How have all the factors above been brought together to estimate a fair value?

  • The assumed bullish price target for Prosus is €70.72, which is the highest price target estimate amongst analysts. This valuation is based on what can be assumed as the expectations of Prosus's future earnings growth, profit margins and other risk factors from analysts on the bullish end of the spectrum.
  • However, there is a degree of disagreement amongst analysts, with the most bullish reporting a price target of €70.72, and the most bearish reporting a price target of just €37.0.
  • In order for you to agree with the bullish analysts, you'd need to believe that by 2028, revenues will be $11.4 billion, earnings will come to $11.3 billion, and it would be trading on a PE ratio of 16.0x, assuming you use a discount rate of 6.7%.
  • Given the current share price of €51.53, the bullish analyst price target of €70.72 is 27.1% higher.
  • We always encourage you to reach your own conclusions though. So sense check these analyst numbers against your own assumptions and expectations based on your understanding of the business and what you believe is probable.

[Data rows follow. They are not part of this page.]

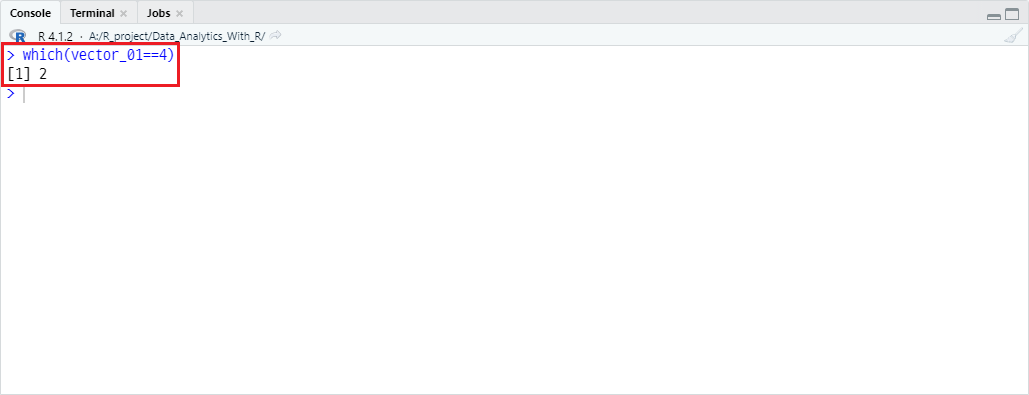 vector_01 중 값이 4인 원소의 인덱스를 찾고자 할 때, 코드는 다음과 같습니다.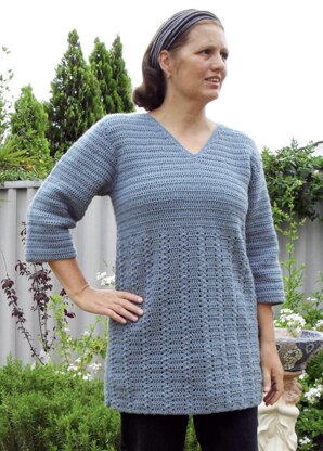 This versatile tunic looks great paired with jeans or leggings, and just add a simlpe camasole or maybe long sleeve tee underneath for extra warmth...easy to make longer or shorter by simply detracting or adding to the length worked for the skirt...this pattern is written in U.K. crochet terms and dk yarn can be used as long as the tension is correct...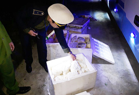 Theo đó, trong quá trình tuần tra, kiểm soát, vào khoảng 19h55 ngày 17-1, trên quốc lộ 1A đoạn qua phường Đậu Liêu, thị xã Hồng Lĩnh, Phòng Cảnh sát Môi trường, Công an tỉnh Hà Tĩnh phát hiện xe ô tô khách nhãn hiệu Hiếu Hoa mang biển kiểm soát TP Đà Nẵng có dấu hiệu nghi vấn đã phối hợp với Phòng CSGT và Công an TX Hồng Lĩnh tiến hành dừng phương tiện, kiểm tra.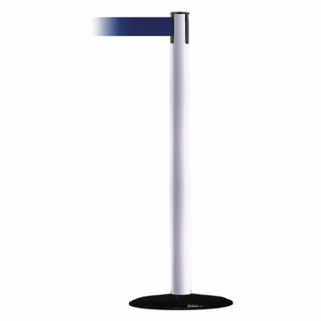 TENSABARRIER 889B-33-32-STD-NO-L5X-C Barrier Post With Belt, Steel, White, 38 Inch Height, 2 1/2 Inch Dia.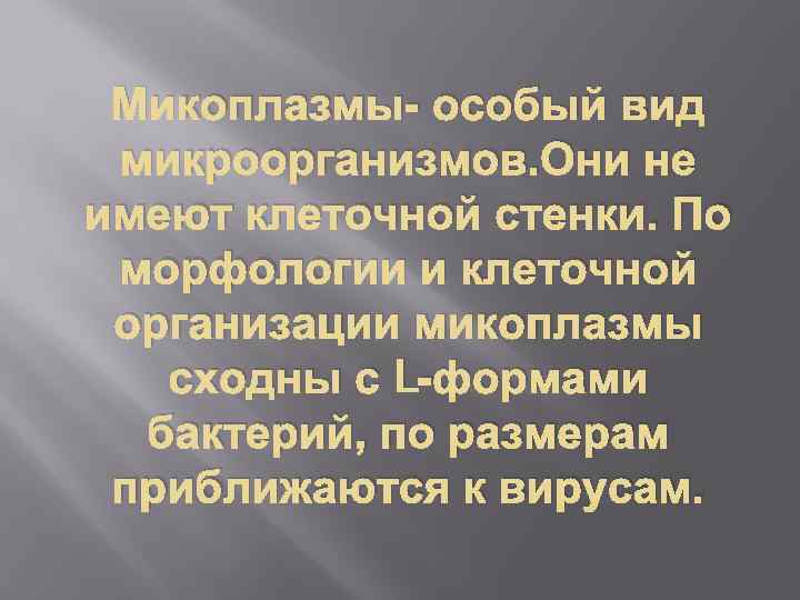 Микоплазмы- особый вид микроорганизмов. Они не имеют клеточной стенки. По морфологии и клеточной организации микоплазмы сходны с L-формами бактерий, по размерам приближаются к вирусам.

How well do narratives help inform your perspective?

Disclaimer

AnalystHighTarget is a tool utilizing a Large Language Model (LLM) that ingests data on consensus price targets, forecasted revenue and earnings figures, as well as the transcripts of earnings calls to produce qualitative analysis. The narratives produced by AnalystHighTarget are general in nature and are based solely on analyst data and publicly-available material published by the respective companies. These scenarios are not indicative of the company's future performance and are exploratory in nature. Simply Wall St has no position in the company(s) mentioned. Simply Wall St may provide the securities issuer or related entities with website advertising services for a fee, on an arm's length basis. These relationships have no impact on the way we conduct our business, the content we host, or how our content is served to users. The price targets and estimates used are consensus data, and do not constitute a recommendation to buy or sell any stock, and they do not take account of your objectives, or your financial situation. Note that AnalystHighTarget's analysis may not factor in the latest price-sensitive company announcements or qualitative material.